With today’s addition of Los Angeles, Boston, and Atlanta, Qatar Airways will offer daily nonstop services to all 10 of the largest metropolitan areas of the United States.
Service to Los Angeles, the second largest city in the U.S., will begin Jan. 1, 2016, with the airline’s flagship Boeing 777 aircraft, which features a two-class cabin with 42 Business Class fully lie-flat seats in a 2-2-2 configuration.
On March 16, 2016, Qatar will launch daily flights to Boston, the largest city in New England, and will operate its latest flagship A350 XWB in a two-class configuration with 36 Business Class seats in a 1-2-1 configuration, featuring an 80-inch fully flat bed and a 17-inch in-flight entertainment screen.
Later that year, on July 1, Atlanta will be Qatar Airways’ third new route to the U.S. and be operated with the airline’s flagship Boeing 777 aircraft.
Qatar is also adding a second daily flight between Doha and New York next year.
In a statement, Qatar Airways Group Chief Executive Akbar Al Baker said: "As Qatar Airways continues its global expansion, we are delighted to be offering even more gateways in the United States, connecting passengers from destinations across the Middle East, the Indian subcontinent, Africa and Southeast Asia. We look forward to offering a great travel experience to our US passengers on the World's Best Business Class across our network of more than 140 destinations, with a convenient one-stop transfer at the new state-of-the-art Hamad International Airport in Doha.”

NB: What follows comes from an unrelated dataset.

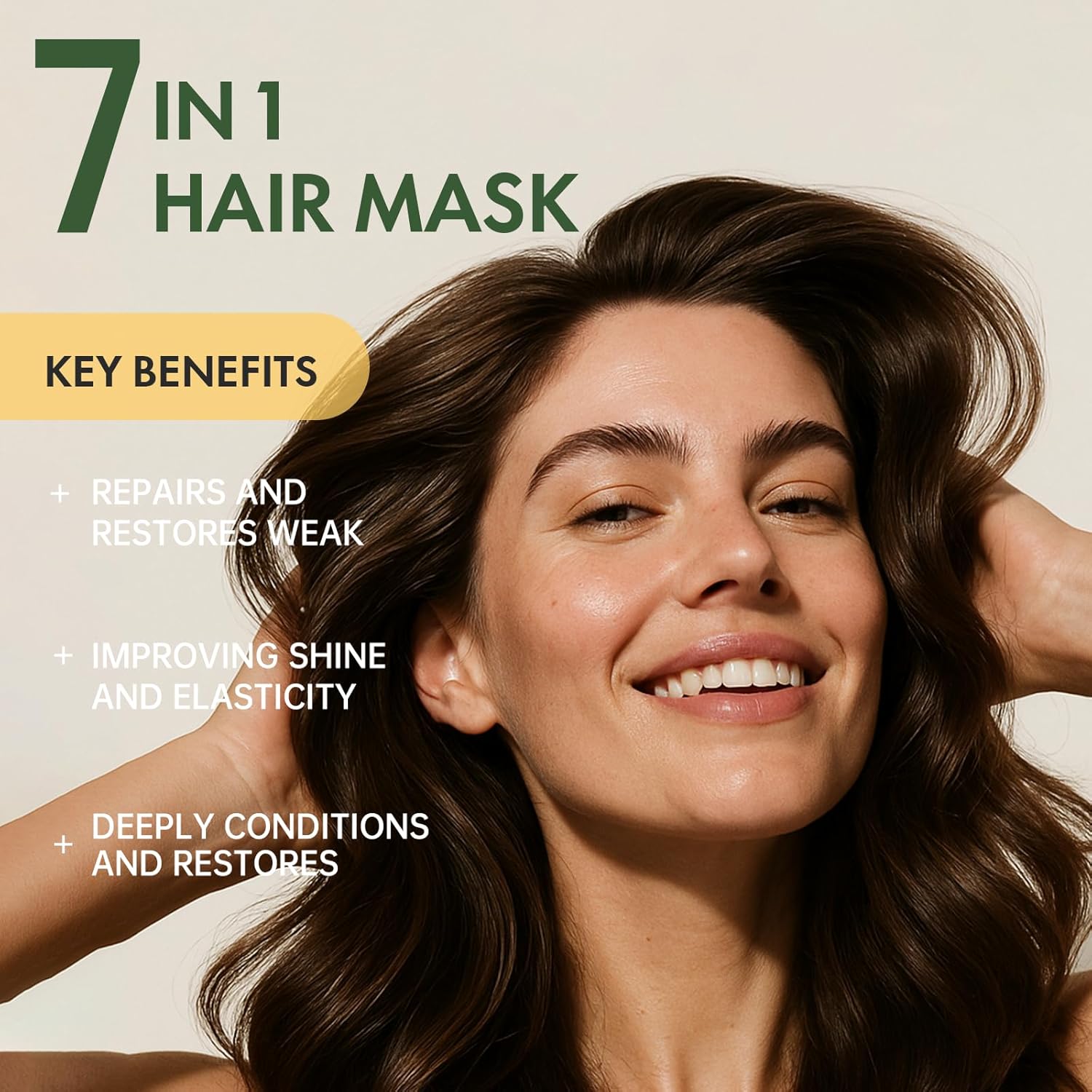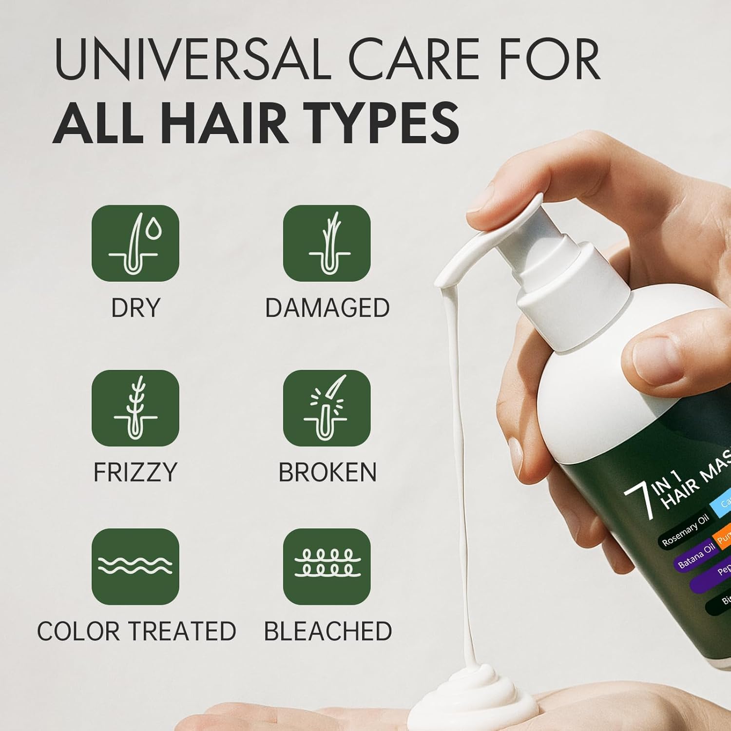 - SAFE, CLEAN FORMULA FOR ALL HAIR TYPES: Perfect for daily or weekly use on straight, curly, wavy, or color-treated hair. Free from parabens, sulfates, and harsh chemicals, this 7-IN-1 mask provides gentle yet effective care, leaving hair feeling refreshed and scalp comforted without irritation

Qatar’s announcement drew an immediate rebuke from the Partnership for Open & Fair Skies, the lobby group for the three major U.S. airlines. American, Delta, and United have said that Emirates, Etihad, and Qatar have created an unfair marketplace by receiving subsidies from their respective governments.
The matter is currently being reviewed by the Obama Administration.
“This is yet another example of the Gulf carriers racing against the clock to dump more subsidized capacity on the U.S. and diverting passengers away from the U.S. airlines,” Partnership spokesman Jill Zuckman said. “The harm from these actions is real and immediate and it is why we need the U.S. government to quickly freeze additional flights by the Gulf carriers and to request consultations with the United Arab Emirates and Qatar.”
Less troubling, perhaps, is a Bloomberg report that Emirates is overhauling its first-class cabins to make them even more luxurious than they already are.
How, we have no idea, although the airline apparently is stressing greater privacy with the new look.